In the data below, find the line with "LA系列水性粘结剂是通过无皂" and the line with "BACKHOE CONTROL VALVE", then restate both and every line between them exactly, minus the pictures.
++++++++
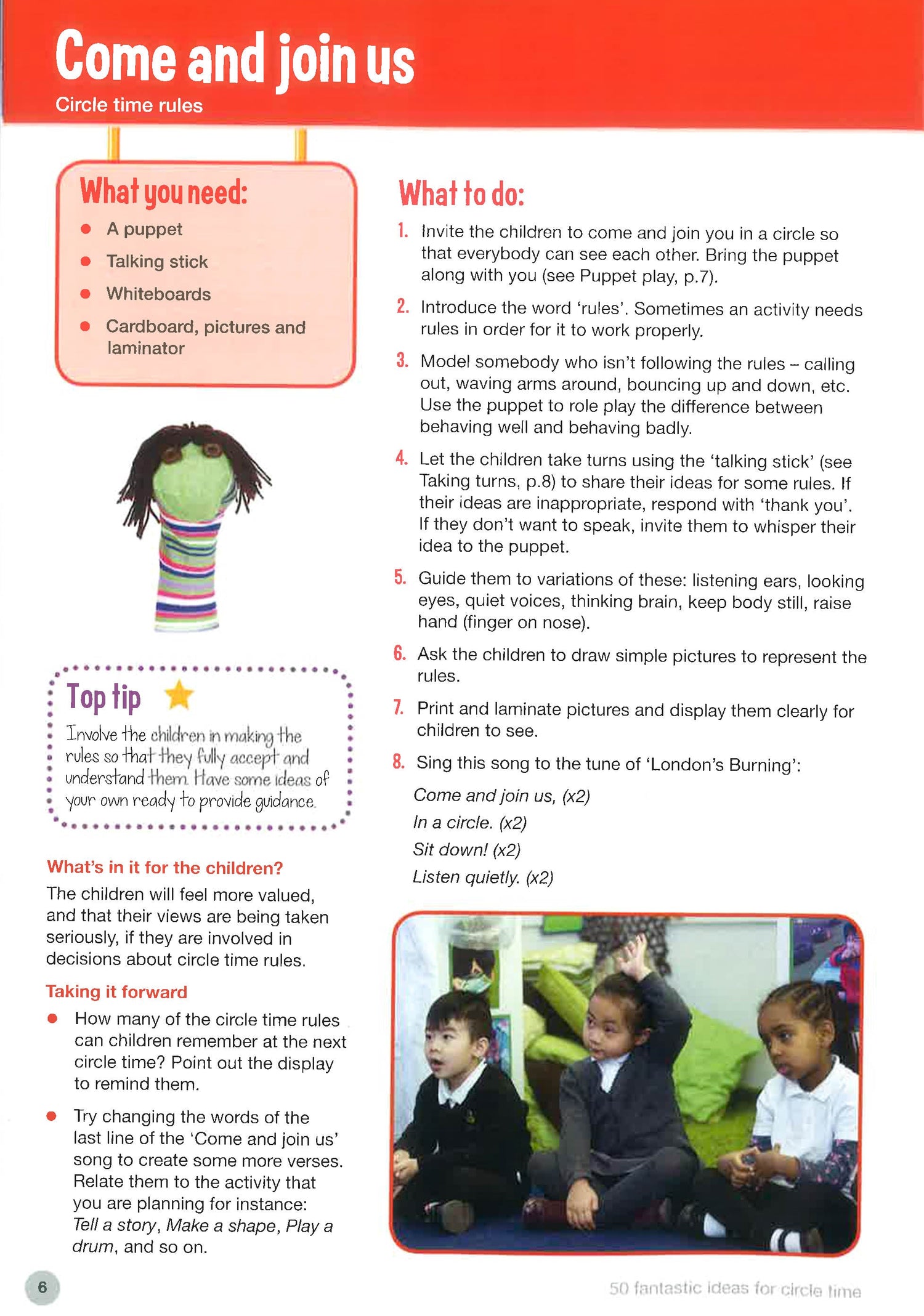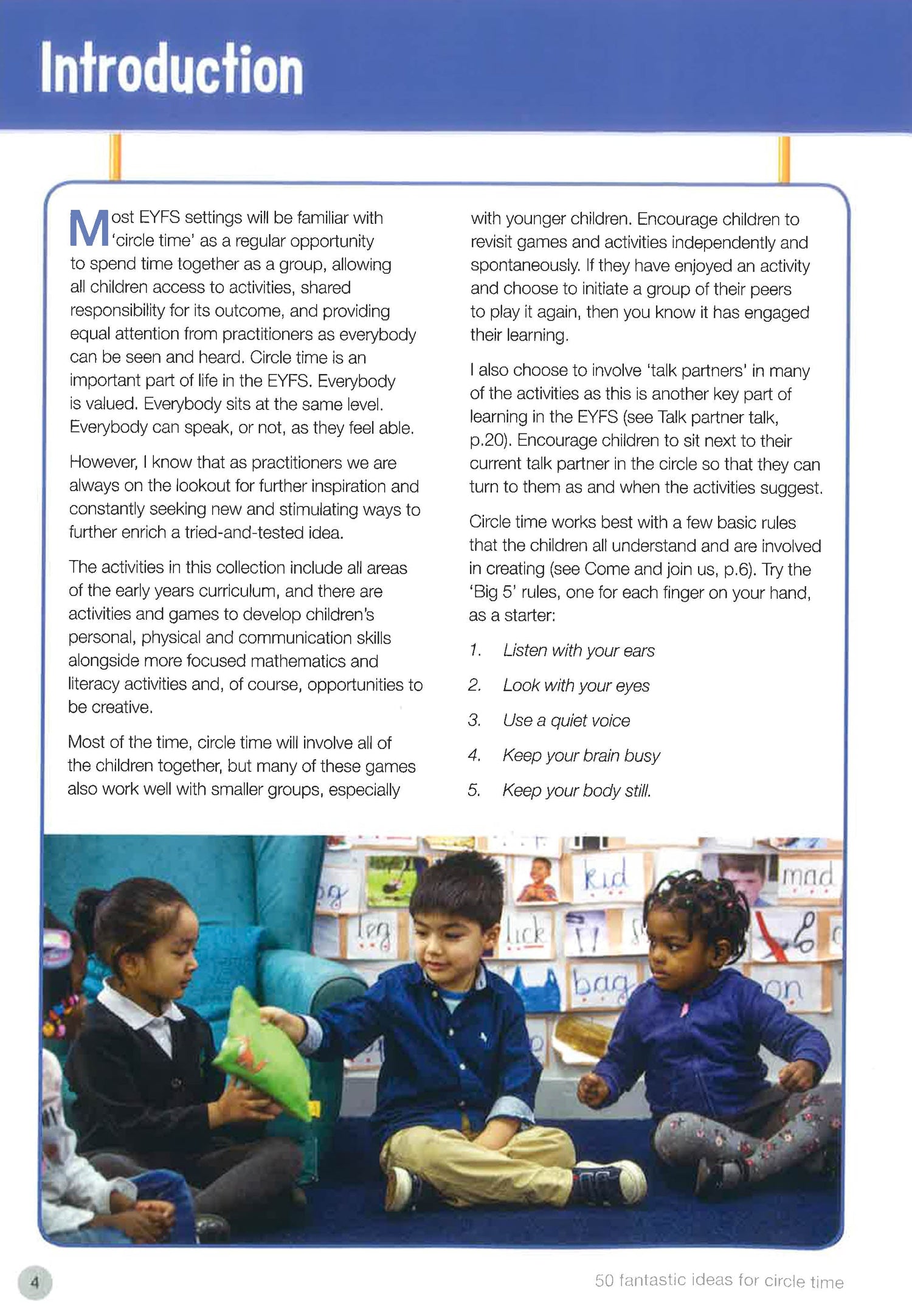 Circle time stimulates learning in all areas of development - from the improvement of social skills and positive relationships to encouraging children to listen to each other within a caring and respectful environment. Judith Harries brings together creative ideas for circle time where learning can be shared and music and drama can be enjoyed. The book includes circle time activities and games that cover all of the Early Learning Goals through the sharing of thoughts, feelings and experiences. It can also be used across the curriculum, including helping children with literacy and mathematics through phonics and number games. This timeless collection of ideas featuring colourful and fun photography is a fantastic resource with many new activities for circle time, as well as some old favourites.
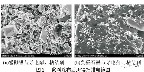 LA系列水性粘结剂是通过无皂乳液技术合成的单一共聚物的水分散液,无乳化剂、增稠剂等添加成分,体系内也不含锂离子以外的杂质阳离子,共聚物主链段为PAN。采用环保型水性粘结剂配料搅拌:根据固体含量、活性物质、导电剂与粘结剂的比例计算出各物质实际用量,然后按照去离子水、粘结剂、导电剂、活性物质的顺序分别加入,在真空条件下经过一定时间混合搅拌分散均匀,且不能有气泡产生。每次搅拌应尽量精确控制,避免过多人为因素影响电池的一致性和稳定性。例如采用锰酸锂为正极活性物质,LA133为粘结剂,superP为导电剂,按93.5∶3.5∶3(质量比)配料,固体含量定为60%,计算出各物质具体用量,在真空环境中经过8h的高速(搅拌速度为1500r/min)搅拌后得到浆料,并将黏度调整至2500~4000mPa·s,以便于涂布。图2为搅拌均匀后的浆料扫描电镜图,从图2(a)中可看到经过高速搅拌后的各物料已基本分散均匀,导电剂均匀覆盖在锰酸锂表面,图2(b)为负极石墨与导电剂、粘结剂搅拌混合后得到的导电剂均匀分布在石墨表明的扫描电镜图。为了保证锂电池一致性,应该尽量确保搅拌分散均匀,减少沉淀,并调试至合适的黏度后再进行涂布。
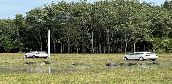 Đàn trâu nằm bơi trên diện tích khu dân cư đã phân lô bán.
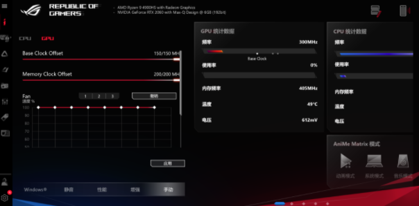 另外值得一提的是,不僅 CPU 性能強勁,幻 14 身上的 RTX 2060 Max-Q 也是可以超頻的爆種版本。用户進入「奧創中心」調至手動模式,即可對相關參數和風扇轉速進行自主設置。
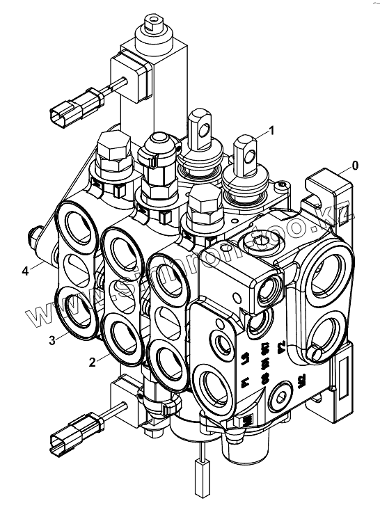 BACKHOE CONTROL VALVE BLOCK AND ADAPTERS, WITH LEVER CONTROL, NB A19001-
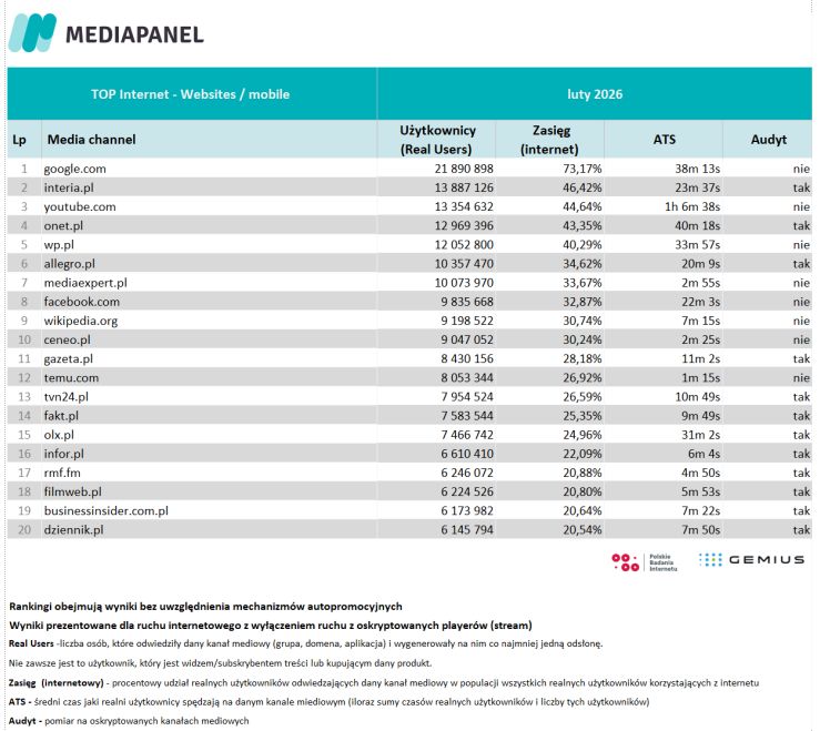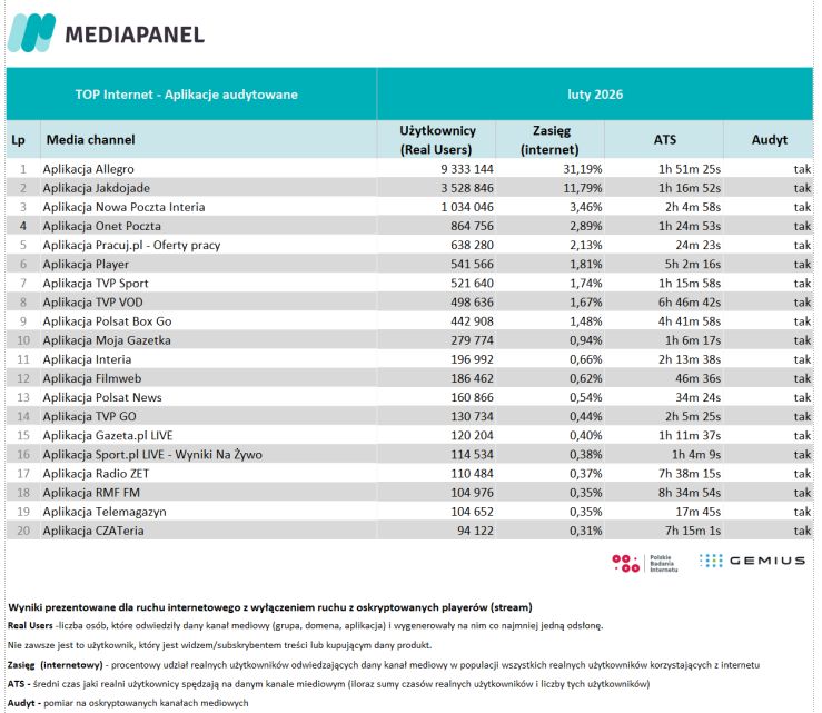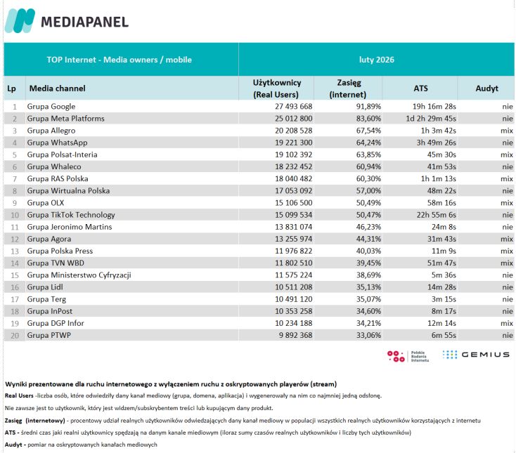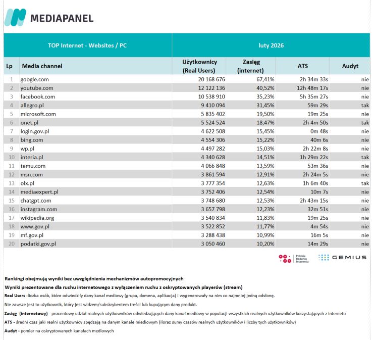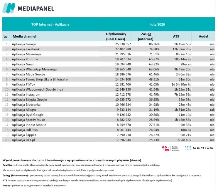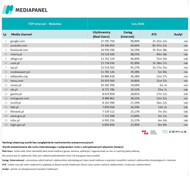 Przeczytaj także: Badania internetu Gemius/PBI I 2026
++++++++
Result of this exercise ::
 LA系列水性粘结剂是通过无皂乳液技术合成的单一共聚物的水分散液,无乳化剂、增稠剂等添加成分,体系内也不含锂离子以外的杂质阳离子,共聚物主链段为PAN。采用环保型水性粘结剂配料搅拌:根据固体含量、活性物质、导电剂与粘结剂的比例计算出各物质实际用量,然后按照去离子水、粘结剂、导电剂、活性物质的顺序分别加入,在真空条件下经过一定时间混合搅拌分散均匀,且不能有气泡产生。每次搅拌应尽量精确控制,避免过多人为因素影响电池的一致性和稳定性。例如采用锰酸锂为正极活性物质,LA133为粘结剂,superP为导电剂,按93.5∶3.5∶3(质量比)配料,固体含量定为60%,计算出各物质具体用量,在真空环境中经过8h的高速(搅拌速度为1500r/min)搅拌后得到浆料,并将黏度调整至2500~4000mPa·s,以便于涂布。图2为搅拌均匀后的浆料扫描电镜图,从图2(a)中可看到经过高速搅拌后的各物料已基本分散均匀,导电剂均匀覆盖在锰酸锂表面,图2(b)为负极石墨与导电剂、粘结剂搅拌混合后得到的导电剂均匀分布在石墨表明的扫描电镜图。为了保证锂电池一致性,应该尽量确保搅拌分散均匀,减少沉淀,并调试至合适的黏度后再进行涂布。
 Đàn trâu nằm bơi trên diện tích khu dân cư đã phân lô bán.
 另外值得一提的是,不僅 CPU 性能強勁,幻 14 身上的 RTX 2060 Max-Q 也是可以超頻的爆種版本。用户進入「奧創中心」調至手動模式,即可對相關參數和風扇轉速進行自主設置。
 BACKHOE CONTROL VALVE BLOCK AND ADAPTERS, WITH LEVER CONTROL, NB A19001-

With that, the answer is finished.